**Assignment:**
Find "瀬戸内海を望む豊島唐櫃(から" in the listing below, then set down only that line and each later line, unchanged, leaving out pictures.

**Source data:**
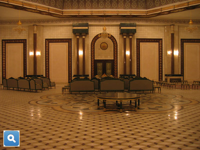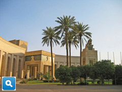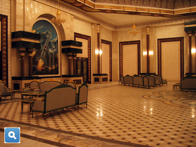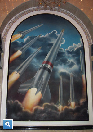 The palace was overwhelming. It was a gilded, marbled, frescoed, crystal-chandeliered display of a tyrant's self-indulgence. Other despots have venerated themselves with monuments of such extravagance, but few could have trumped Saddam. This Baghdad palace was as garish as a Vegas hotel and larger than most museums. One day, trapped inside by a sandstorm, we tried to measure the place and gave up, running out of time before we ran out of rooms. It had three levels, a huge rotunda, great rooms large enough for banquets seating hundreds. Marble covered the walls and the floors. In a large room on the first floor a massive painting depicted seven Iraqi missiles launching toward their target, which was said to be Israel.
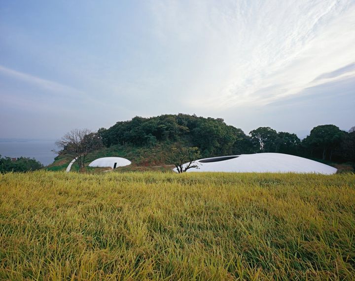 瀬戸内海を望む豊島唐櫃(からと)の小高い丘に立つ豊島美術館は、西沢立衛が、アーティスト、内藤礼の作品のために設計した美術館。その形は、一滴の水が地上に最初に落ちた瞬間を想起させる。美術館の広さは約40×60m。最高部の高さが4.5mの背の低いコンクリート・シェル構造で、建物には柱が1本もない。
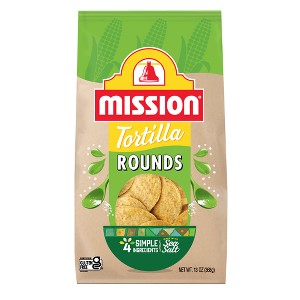 Whether you share them with friends or family, the great taste and crunchy texture of Mission Rounds Tortilla Chips are sure to be a hit with any crowd. Made with only four simple ingredients, including a dash of sea salt, our tortilla rounds make for a satisfying meal. Our tortilla chips are also certified gluten-free and kosher, and they are made without any artificial flavors, artificial colors, or preservatives. The round shape and sturdy texture of Mission Rounds Tortilla Chips make them perfect for nachos. We recommend loading them up with bacon, jalapeños, and a blend of cheeses for a tasty spin on the classic nacho platter that everyone will love. Includes one 11 oz. bag of Mission Rounds Tortilla Chips.

**Result:**
 瀬戸内海を望む豊島唐櫃(からと)の小高い丘に立つ豊島美術館は、西沢立衛が、アーティスト、内藤礼の作品のために設計した美術館。その形は、一滴の水が地上に最初に落ちた瞬間を想起させる。美術館の広さは約40×60m。最高部の高さが4.5mの背の低いコンクリート・シェル構造で、建物には柱が1本もない。
 Whether you share them with friends or family, the great taste and crunchy texture of Mission Rounds Tortilla Chips are sure to be a hit with any crowd. Made with only four simple ingredients, including a dash of sea salt, our tortilla rounds make for a satisfying meal. Our tortilla chips are also certified gluten-free and kosher, and they are made without any artificial flavors, artificial colors, or preservatives. The round shape and sturdy texture of Mission Rounds Tortilla Chips make them perfect for nachos. We recommend loading them up with bacon, jalapeños, and a blend of cheeses for a tasty spin on the classic nacho platter that everyone will love. Includes one 11 oz. bag of Mission Rounds Tortilla Chips.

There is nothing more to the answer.